----- Listed records -----

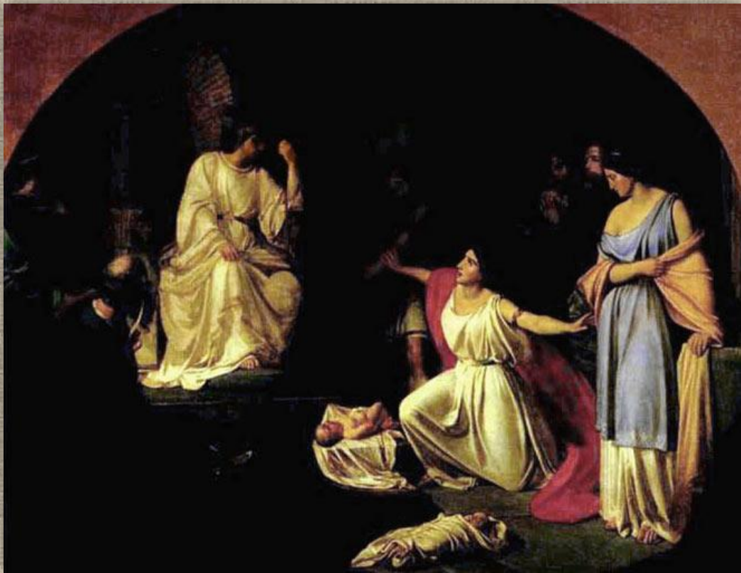
Николай Николаевич Ге «Суд Соломона»
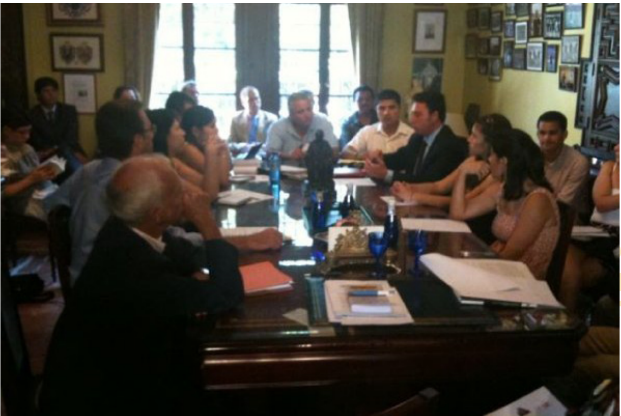
Un debate con abogados de la ciudad sobre el tema monográfico
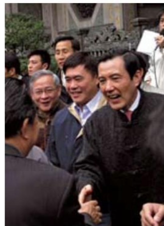
▲ 總統於本寺三川殿前發送新春紅包，並與民眾握手互賀新年。

是對應生肖、時節的電動花燈，更是吸引民眾前來觀賞的特色之一。一般人聽到太歲，常以為那是不吉的象徵，其實太歲是守護神，所以與太歲相沖才稱之為「犯太歲」，進而有所謂「安太歲」的習俗。在龍山寺左側的太歲廳供奉著值年太歲，並在元宵節當天同時舉行安奉值年太歲星君典禮，祈求值年太歲守護一整年平平安安，無災無殃。
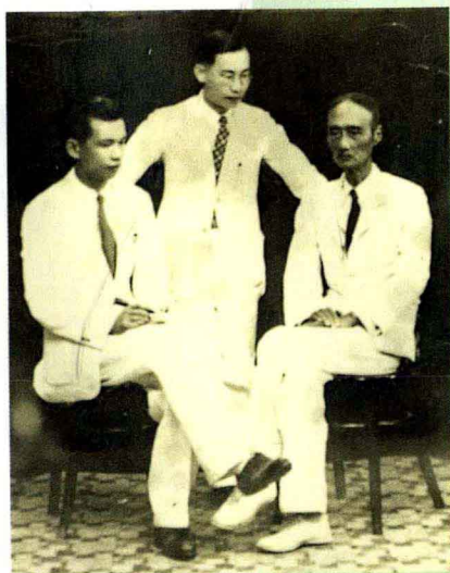
鄭子瑜（左）訪問江英華醫生（右）時攝。 （一九三九）

院習醫，翌年轉入香港西醫書院。畢業後積極進行反清革命活動。一八九四年在檀香山創立興中會，次年設總會於香港。一九〇五年在日本組成中國同盟會，確定「驅除韃虜，恢復中華，建立民國，平均地權」的綱領，提出「民族、民權、民生」三民主義學說，一九一一年武昌起義成功，推翻滿清，建立中華民國，他被推選為臨時大總統。一九二五年三月十二日在北京病逝。
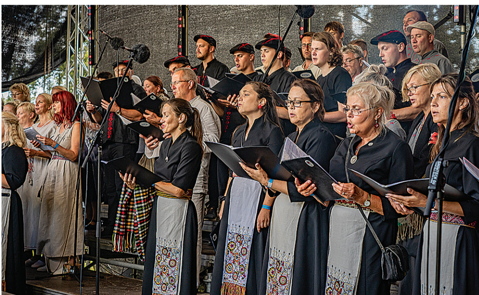
Mulgi segäkuur olli pidupäeväl püüne pääl laulman ja nädäl ennemb pidutuld läbi Mulgi-maa saatman.
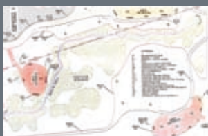
Primer paso para recuperar el Arroyo Vadillo Pág. 6-7
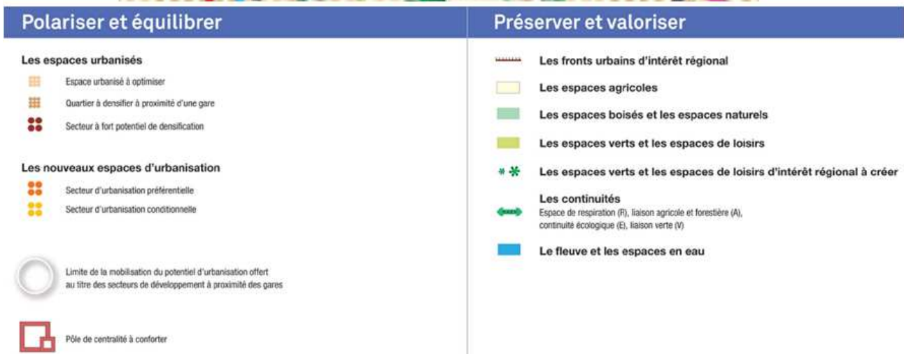
Figure 1 : Extrait de la Carte de destination générale des différentes parties du territoire, SDRIF 2030, version adoptée par le Conseil régional le 18 octobre 2013

Les secteurs opérationnels principaux (secteur du Mont d'Est-Maille Horizon, la Cité Descartes, la zone des Richardets et la gare Noisy Champs) sont identifiés par le SDRIF comme des secteurs à forts potentiels de densification ou des quartiers à densifier à proximité d'une gare.
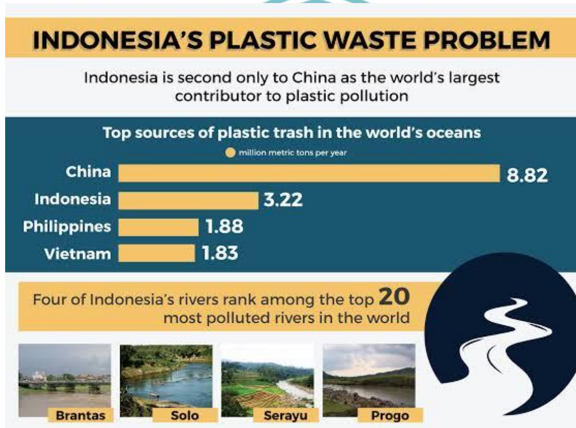
Figure 1. 2 Plastic Waste Problem

Figure 1.2 shows the statistic of plastic waste in the river. The figure shows China, Indonesia, and the Philippines are the top 3 countries that contribute the most plastic waste from rivers in the world. Most of the waste dumped carelessly into rivers is plastic waste.
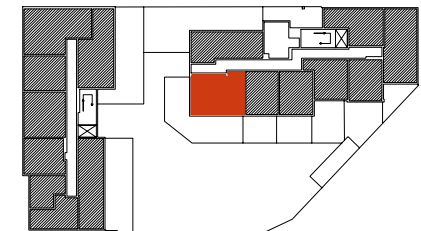
Położenie mieszkania w budynku

Warszawa, ul. Dionizosa 6A piętro 1 | klatka B
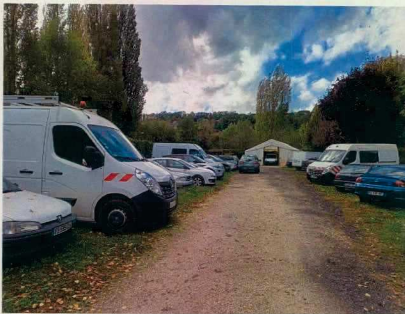
Cours avec barnum faisant office d'atelier

N°1 : Situation administrative - positionnement dans la rubrique n°2930-1
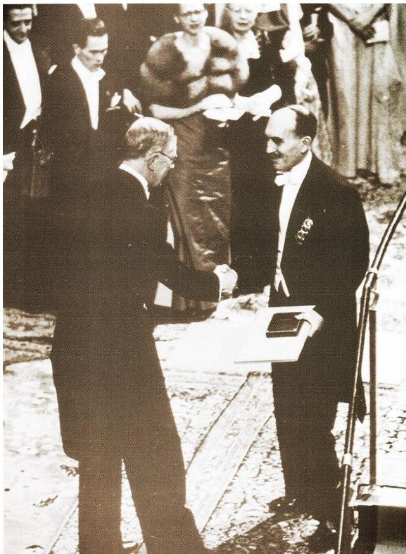
Вручение Нобелевской премии
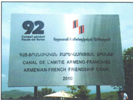
Le Président du Conseil général a inauguré le canal le 22 mai 2010.

=> extension des surfaces cultivables de près de 700 ha
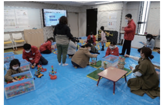
大学内でのデモ会場の様子 (2023)

復旧・復興の際、子どもの面倒を誰がみるのかという問題が発生します。しかし、子どもに目を向ける余裕がなくなってしまうのです。子どもの居場所問題の発生。
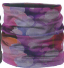
リフレクション W-16243 5
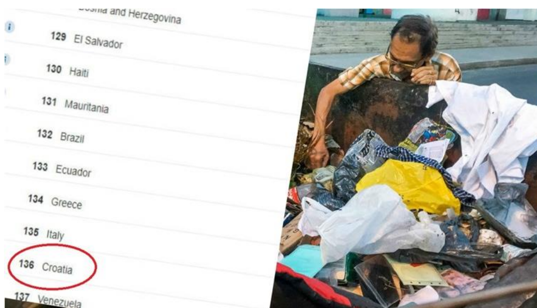
Slika 7.2.2. Propast Hrvatske
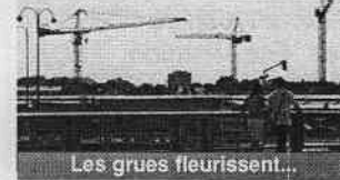
Les grues fleurissent...
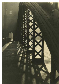
Lotte Genzsch Brücke im Freihafen Hamburg, um 1930 Silbergelatine Museum für Kunst und Gewerbe Hamburg
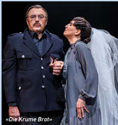
«Die Krume Brot»

Leo Tolstoi Théâtre National du Luxembourg und TAK Theater Liechtenstein Mi/Do 20./21.05. 19.30 Uhr, TAK
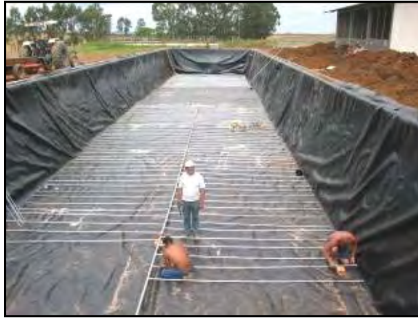
Figura 6.- Instalación de las mangueras de recirculación de biogás en el fondo del digestor principal. Esta recirculación de gas desde el fondo del digestor favorece el ciclo de producción de metanol y evita la deposición de sólidos en el fondo del digestor. Obsérvese la capa aislante contra el piso de tierra. Este recubrimiento es una lona especial que tiene una vida útil de más de 20 años.

-----

§ Try it:
Quote, please, only the lines running from the one with "près de 700 ha" down to the final line of the data above, keeping both ends and skipping the pictures.

§ Exercise solution:
=> extension des surfaces cultivables de près de 700 ha
大学内でのデモ会場の様子 (2023)

復旧・復興の際、子どもの面倒を誰がみるのかという問題が発生します。しかし、子どもに目を向ける余裕がなくなってしまうのです。子どもの居場所問題の発生。
リフレクション W-16243 5
Slika 7.2.2. Propast Hrvatske
Les grues fleurissent...
Lotte Genzsch Brücke im Freihafen Hamburg, um 1930 Silbergelatine Museum für Kunst und Gewerbe Hamburg
«Die Krume Brot»

Leo Tolstoi Théâtre National du Luxembourg und TAK Theater Liechtenstein Mi/Do 20./21.05. 19.30 Uhr, TAK
Figura 6.- Instalación de las mangueras de recirculación de biogás en el fondo del digestor principal. Esta recirculación de gas desde el fondo del digestor favorece el ciclo de producción de metanol y evita la deposición de sólidos en el fondo del digestor. Obsérvese la capa aislante contra el piso de tierra. Este recubrimiento es una lona especial que tiene una vida útil de más de 20 años.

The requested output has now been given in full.